Global variables are stored in specific sections of a binary program (e.g., .data). The size of each variable is decided by the source code. The location of the variable, including the base address of a global data structure (e.g., array), is determined in the binary code after compilation and not changed afterward. Thus, global variables are accessed with hard-coding addresses. Each member of a global data structure is accessed by adding its corresponding offsets to the constant base address, and the offset is generated from the input (function arguments). Hence, BinMatch is able to obtain global variable addresses of T easily during the emulation.

(a) Template Function (F)
(b) Target Function (T)
Fig. 2: Global Variable Value Migration

BinMatch migrates global variable values according to their usage order. Figure 2 shows an example of two functions for global variable value migration. During the execution of F, two global variables gvar1 and gvar2 are read at Line 1 and Line 3 separately in Figure (a)a. gvar1 is used to test its value at Line 2, and gvar2 is used for the addition operation at Line 4. So the usage order of the two variable is [gvar1, gvar2]. When emulating T in Figure (b)b, BinMatch identifies ecx and ebp are loaded with global variables gvar1’ and gvar2’ at Line 1 and Line 2. Then, it finds ebp is used for testing at Line 3, and ecx is used for the addition at Line 4 afterward. The usage order of the global variables in Figure (b)b is [gvar2’, gvar1’]. Therefore, BinMatch assigns the value of gvar1 to gvar2’, and gvar2 to gvar1’ accordingly. If there are no enough global values to assign (e.g., T reads two global variables but F reads only one), BinMatch provides the surplus variables of T with predefined values (e.g., 0xDEADBEEF).

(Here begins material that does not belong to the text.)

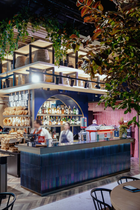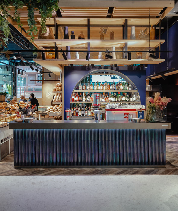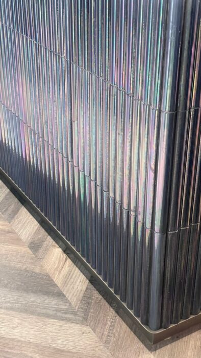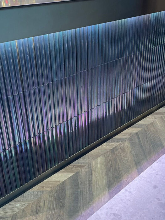 Our Rena intenso craquelé glaze, a refined shade of deep red with a subtle touch of dark pink, was chosen to coat the three-dimensional terracotta tiles used in the creation of the bar counter at Papiersaal, located in the historic Sihl Paper Mill at Kalanderplatz, Zurich. Housed in a building of great historical charm, Papiersaal stands out for its design that harmoniously combines contemporary aesthetics, industrial architecture, and functional elegance. The focal point of the venue is the 30-meter-long bar counter, designed by renowned architect Andrin Schweizer, celebrated for his exceptional sensitivity in working with historic architecture. For the cladding, Schweizer selected our three-dimensional tiles in varying shapes and sizes – from the Lapis and Via Appia collections – creating a sculptural surface of striking visual impact and expressive depth.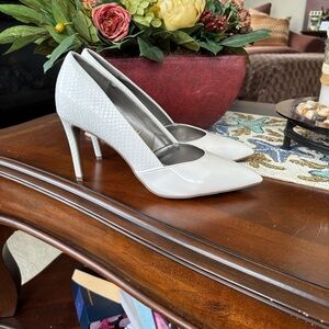 Worthington White Faux Patent Leather Snakeskin Pointed Toe Heels 80s 90s Pumps. 4" heel.

Fig. 3: Indirect Jump of a Switch

Iii-C3 Indirect Calling/Jumping

Targets of indirect calls are decided by the input at runtime. Since the target function T is emulated in the memory space of the template function F, if T is the clone match of F, the indirect call targets of T should be those invoked during the execution of F. BinMatch then migrates the return values of F to corresponding indirect calls of T (Line 10-11 in Algorithm 2). Otherwise, the target function under emulation cannot be the match of F. BinMatch stops the process and exits (Line 12 in Algorithm 2).

An indirect jump (or branch) is implemented with a jump table which contains an ordered list of target addresses. Jump tables are stored in .rodata, the read-only data section of an executable. Therefore, similar to the reading of a global data structure, a jump table entry is accessed by adding the offset to the base address of the jump table. The base address is a constant value, and the offset is computed from the input.

Figure 3 shows an indirect jump of a switch structure. At Line 2, the index value is computed with edx, a value of an input-related local variable, and stored in eax. If the index value is not above 0x2A, which represents the default case, an indirect jump is performed according to the jump table whose base address is 0x808F630 (Line 5). As entries of a jump table are sorted, with identical input, clone code would have equal offset and jumps to the path of the same semantics. BinMatch just follows the emulation and has no need to do extra work for indirect jumps.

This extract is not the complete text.